> [YOUR ASSIGNMENT] Only the lines below from the one containing "uzun, gece elbisesi" through the one containing "Grilled Chicken &" belong in the answer, set down exactly, with the pictures left out.

> [PROVIDED DATA]
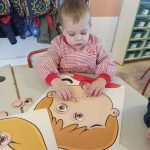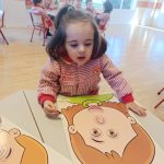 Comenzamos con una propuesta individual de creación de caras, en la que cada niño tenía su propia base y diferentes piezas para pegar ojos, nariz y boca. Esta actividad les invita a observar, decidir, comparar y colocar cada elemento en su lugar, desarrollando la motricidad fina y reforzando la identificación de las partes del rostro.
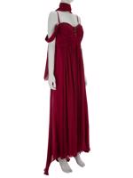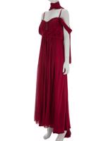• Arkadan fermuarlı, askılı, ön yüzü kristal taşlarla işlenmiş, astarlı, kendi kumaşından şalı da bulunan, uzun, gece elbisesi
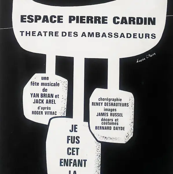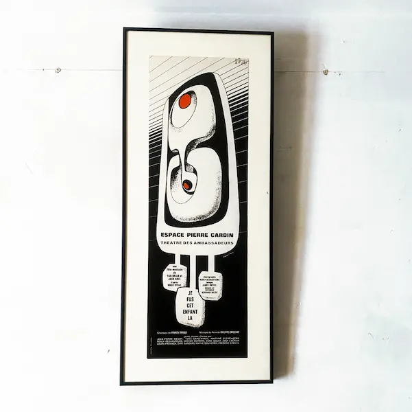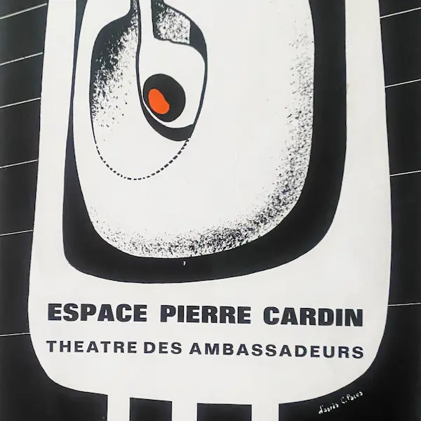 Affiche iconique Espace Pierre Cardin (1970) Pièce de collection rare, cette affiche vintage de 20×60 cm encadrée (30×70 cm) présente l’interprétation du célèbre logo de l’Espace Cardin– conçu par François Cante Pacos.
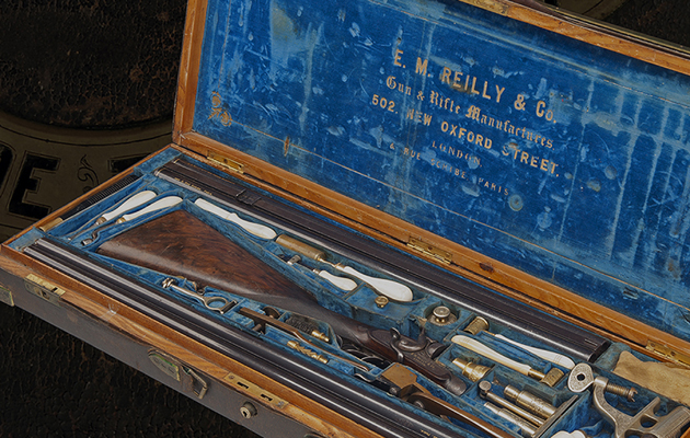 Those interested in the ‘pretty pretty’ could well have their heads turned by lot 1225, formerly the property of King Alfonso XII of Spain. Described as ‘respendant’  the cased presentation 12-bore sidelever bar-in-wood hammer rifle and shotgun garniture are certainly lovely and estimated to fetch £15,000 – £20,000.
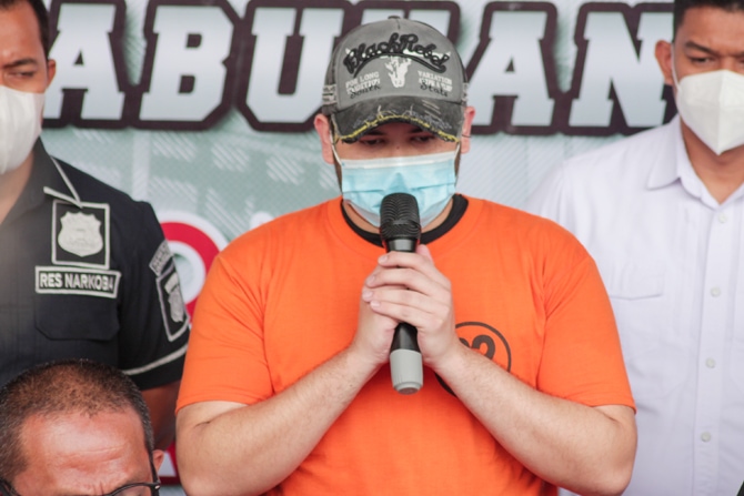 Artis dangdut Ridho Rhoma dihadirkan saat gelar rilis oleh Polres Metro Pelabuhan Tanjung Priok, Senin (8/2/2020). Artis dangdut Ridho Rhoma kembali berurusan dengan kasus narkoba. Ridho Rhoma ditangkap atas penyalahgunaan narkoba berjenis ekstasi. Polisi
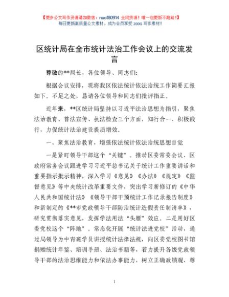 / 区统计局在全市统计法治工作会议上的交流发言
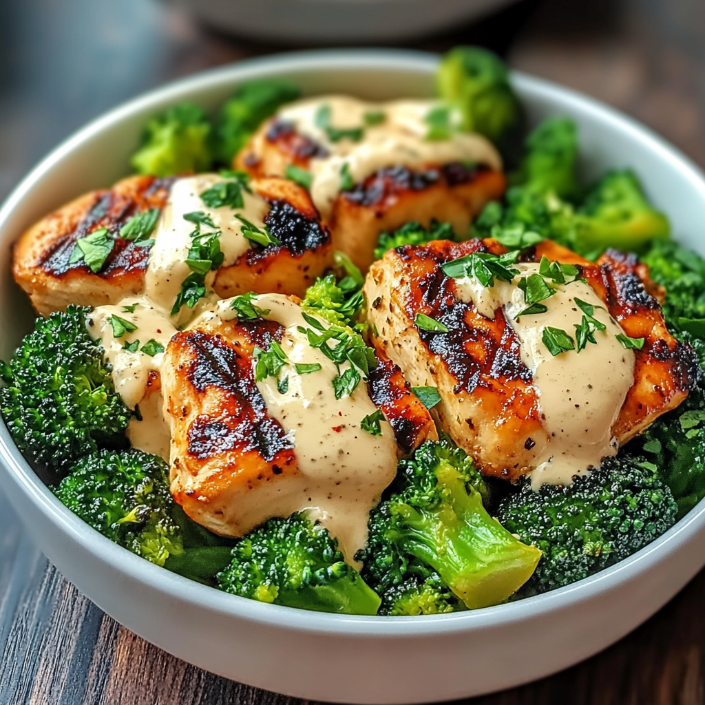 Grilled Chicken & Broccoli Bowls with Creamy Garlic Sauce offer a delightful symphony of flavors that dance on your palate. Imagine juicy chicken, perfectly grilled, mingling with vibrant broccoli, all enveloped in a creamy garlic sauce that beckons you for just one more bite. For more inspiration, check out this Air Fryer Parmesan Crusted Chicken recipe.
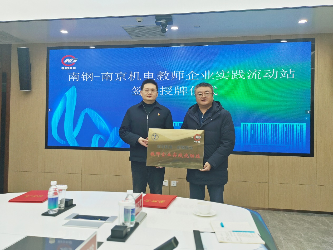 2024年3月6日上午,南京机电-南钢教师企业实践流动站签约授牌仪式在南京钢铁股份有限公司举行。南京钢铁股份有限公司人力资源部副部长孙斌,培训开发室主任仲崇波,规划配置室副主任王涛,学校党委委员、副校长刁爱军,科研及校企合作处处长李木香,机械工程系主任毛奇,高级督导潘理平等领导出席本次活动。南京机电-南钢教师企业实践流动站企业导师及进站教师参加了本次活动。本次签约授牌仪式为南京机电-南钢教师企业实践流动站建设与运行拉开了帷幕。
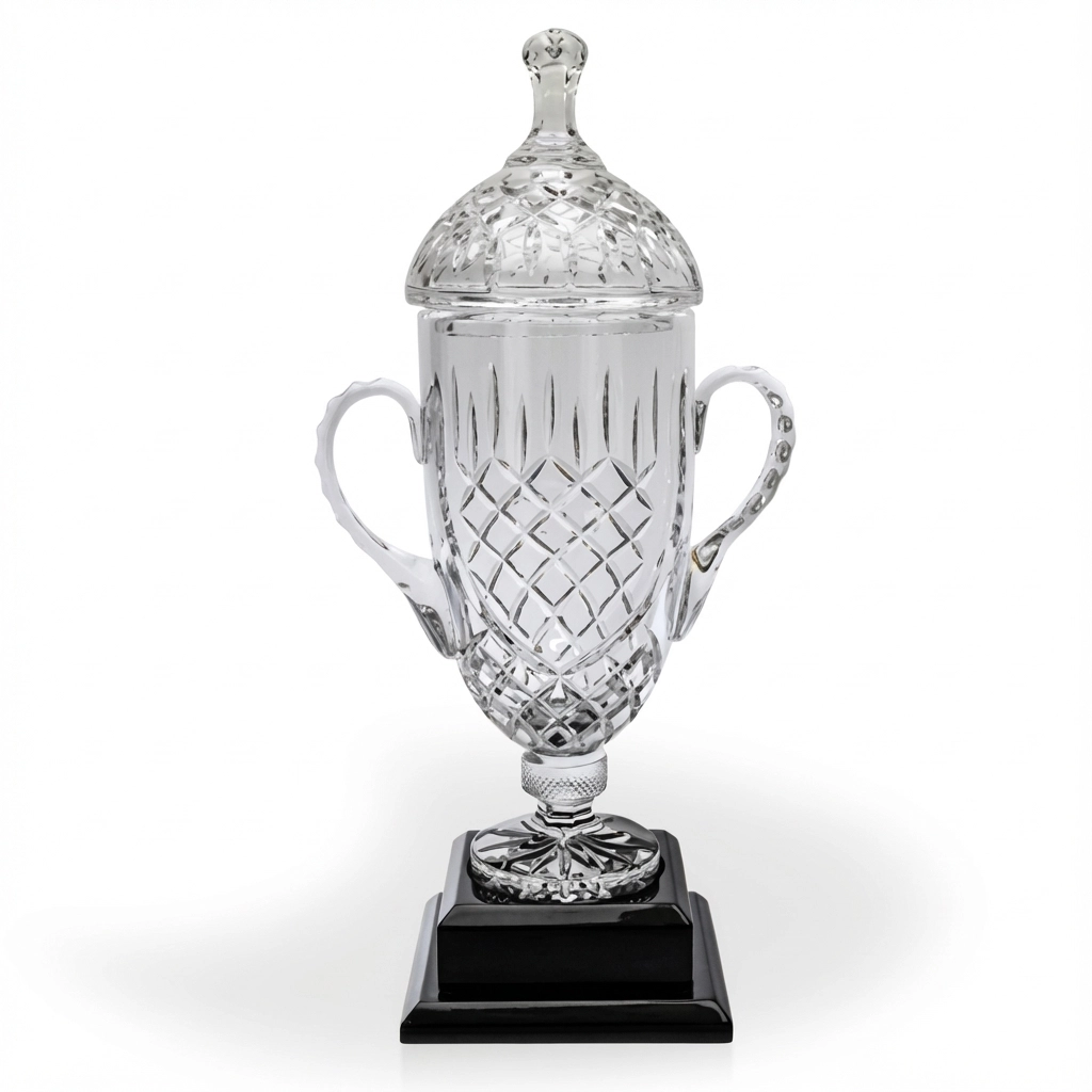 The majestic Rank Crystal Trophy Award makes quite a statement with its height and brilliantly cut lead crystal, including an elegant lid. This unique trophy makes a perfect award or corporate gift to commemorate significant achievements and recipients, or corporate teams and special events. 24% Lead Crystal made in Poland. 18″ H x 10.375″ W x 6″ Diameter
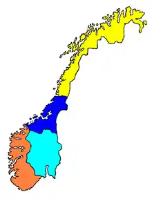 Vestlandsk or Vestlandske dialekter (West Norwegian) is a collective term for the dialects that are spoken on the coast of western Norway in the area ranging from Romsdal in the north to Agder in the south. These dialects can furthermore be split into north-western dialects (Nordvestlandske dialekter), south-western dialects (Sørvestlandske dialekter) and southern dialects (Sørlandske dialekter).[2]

...

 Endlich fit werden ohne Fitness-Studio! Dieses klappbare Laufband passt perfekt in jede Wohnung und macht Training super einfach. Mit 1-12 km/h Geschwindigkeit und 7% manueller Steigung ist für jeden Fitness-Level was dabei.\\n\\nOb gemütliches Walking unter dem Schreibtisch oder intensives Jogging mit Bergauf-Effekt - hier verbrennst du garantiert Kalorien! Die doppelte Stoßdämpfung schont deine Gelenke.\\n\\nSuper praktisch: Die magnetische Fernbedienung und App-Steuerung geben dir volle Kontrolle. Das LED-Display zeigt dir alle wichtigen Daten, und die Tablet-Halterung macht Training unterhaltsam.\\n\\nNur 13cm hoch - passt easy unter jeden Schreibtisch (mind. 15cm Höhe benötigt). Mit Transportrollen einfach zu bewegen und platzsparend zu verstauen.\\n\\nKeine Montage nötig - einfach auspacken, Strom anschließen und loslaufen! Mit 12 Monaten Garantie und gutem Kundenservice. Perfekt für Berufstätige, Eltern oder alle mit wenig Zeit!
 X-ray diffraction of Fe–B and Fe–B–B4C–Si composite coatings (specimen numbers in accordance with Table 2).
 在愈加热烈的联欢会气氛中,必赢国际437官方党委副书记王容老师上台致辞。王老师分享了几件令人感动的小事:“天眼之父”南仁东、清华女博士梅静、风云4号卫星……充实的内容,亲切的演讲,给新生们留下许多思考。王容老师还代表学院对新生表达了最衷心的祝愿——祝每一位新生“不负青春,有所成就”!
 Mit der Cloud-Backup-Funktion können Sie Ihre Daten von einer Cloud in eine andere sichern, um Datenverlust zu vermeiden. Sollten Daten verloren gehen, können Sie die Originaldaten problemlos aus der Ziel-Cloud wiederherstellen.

---

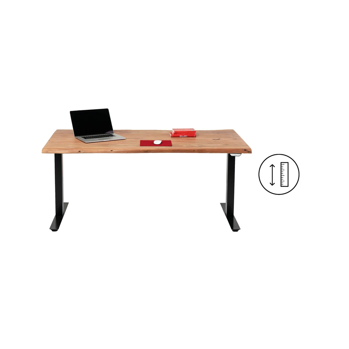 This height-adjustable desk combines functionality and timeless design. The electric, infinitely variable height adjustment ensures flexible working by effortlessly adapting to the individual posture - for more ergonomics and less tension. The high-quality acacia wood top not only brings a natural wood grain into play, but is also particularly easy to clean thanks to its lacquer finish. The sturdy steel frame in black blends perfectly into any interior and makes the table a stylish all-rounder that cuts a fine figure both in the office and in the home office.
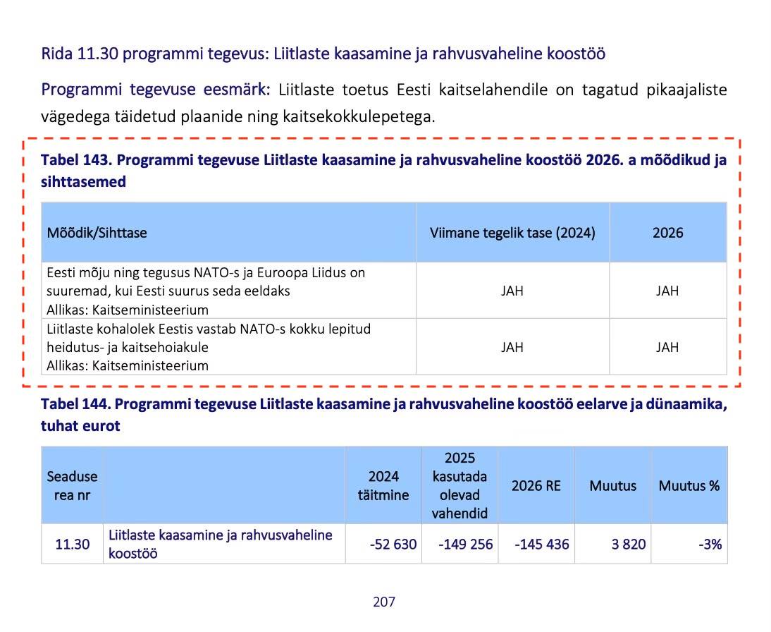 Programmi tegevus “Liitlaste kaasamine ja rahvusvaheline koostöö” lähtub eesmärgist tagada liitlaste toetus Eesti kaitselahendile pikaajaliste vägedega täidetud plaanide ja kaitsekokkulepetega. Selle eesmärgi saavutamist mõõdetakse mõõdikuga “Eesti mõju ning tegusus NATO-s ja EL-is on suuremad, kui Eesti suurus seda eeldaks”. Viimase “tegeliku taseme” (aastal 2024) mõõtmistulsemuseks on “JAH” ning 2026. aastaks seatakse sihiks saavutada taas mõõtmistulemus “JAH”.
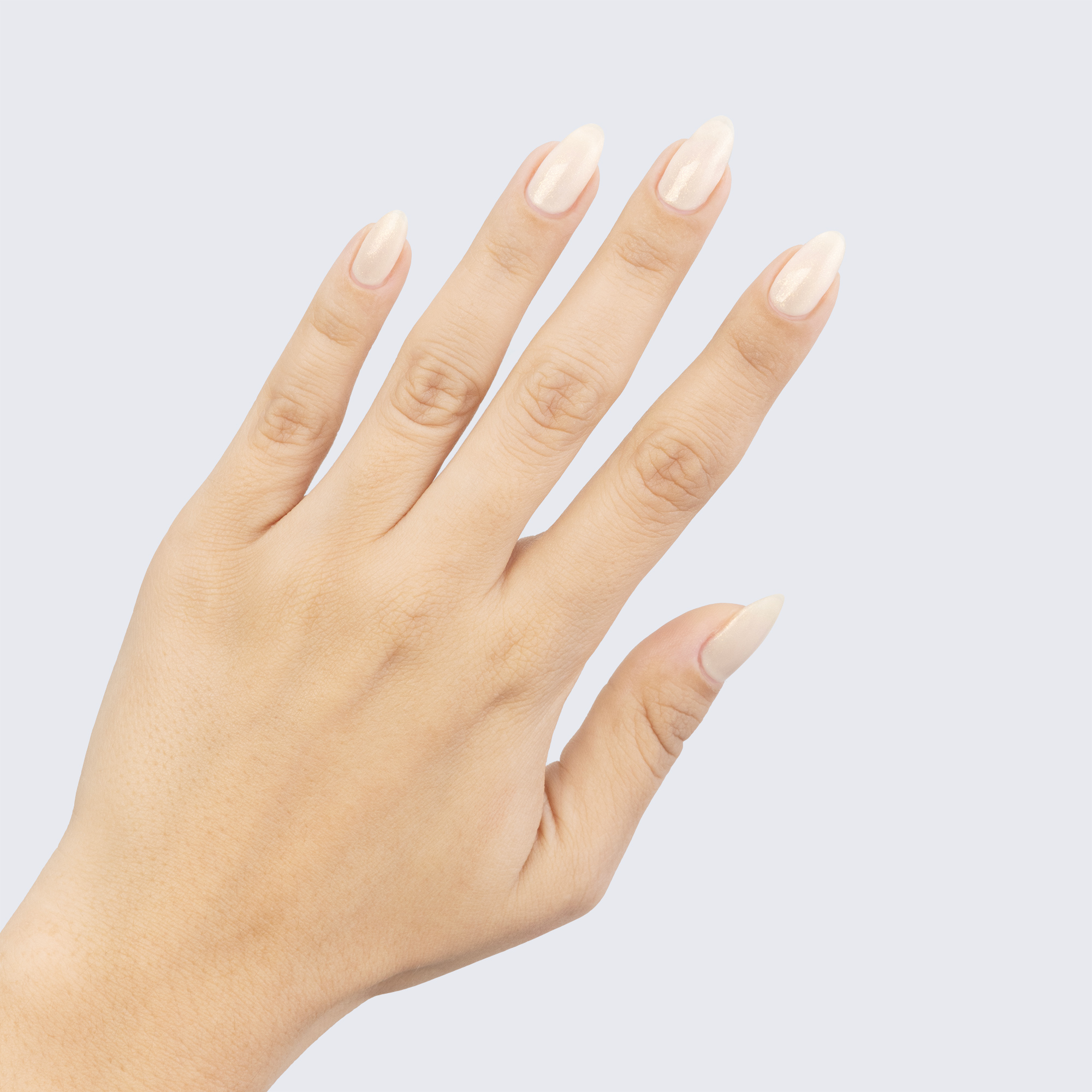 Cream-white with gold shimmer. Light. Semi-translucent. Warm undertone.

> [RESULT OF THE TASK]
• Arkadan fermuarlı, askılı, ön yüzü kristal taşlarla işlenmiş, astarlı, kendi kumaşından şalı da bulunan, uzun, gece elbisesi
 Affiche iconique Espace Pierre Cardin (1970) Pièce de collection rare, cette affiche vintage de 20×60 cm encadrée (30×70 cm) présente l’interprétation du célèbre logo de l’Espace Cardin– conçu par François Cante Pacos.
 Those interested in the ‘pretty pretty’ could well have their heads turned by lot 1225, formerly the property of King Alfonso XII of Spain. Described as ‘respendant’  the cased presentation 12-bore sidelever bar-in-wood hammer rifle and shotgun garniture are certainly lovely and estimated to fetch £15,000 – £20,000.
 Artis dangdut Ridho Rhoma dihadirkan saat gelar rilis oleh Polres Metro Pelabuhan Tanjung Priok, Senin (8/2/2020). Artis dangdut Ridho Rhoma kembali berurusan dengan kasus narkoba. Ridho Rhoma ditangkap atas penyalahgunaan narkoba berjenis ekstasi. Polisi
 / 区统计局在全市统计法治工作会议上的交流发言
 Grilled Chicken & Broccoli Bowls with Creamy Garlic Sauce offer a delightful symphony of flavors that dance on your palate. Imagine juicy chicken, perfectly grilled, mingling with vibrant broccoli, all enveloped in a creamy garlic sauce that beckons you for just one more bite. For more inspiration, check out this Air Fryer Parmesan Crusted Chicken recipe.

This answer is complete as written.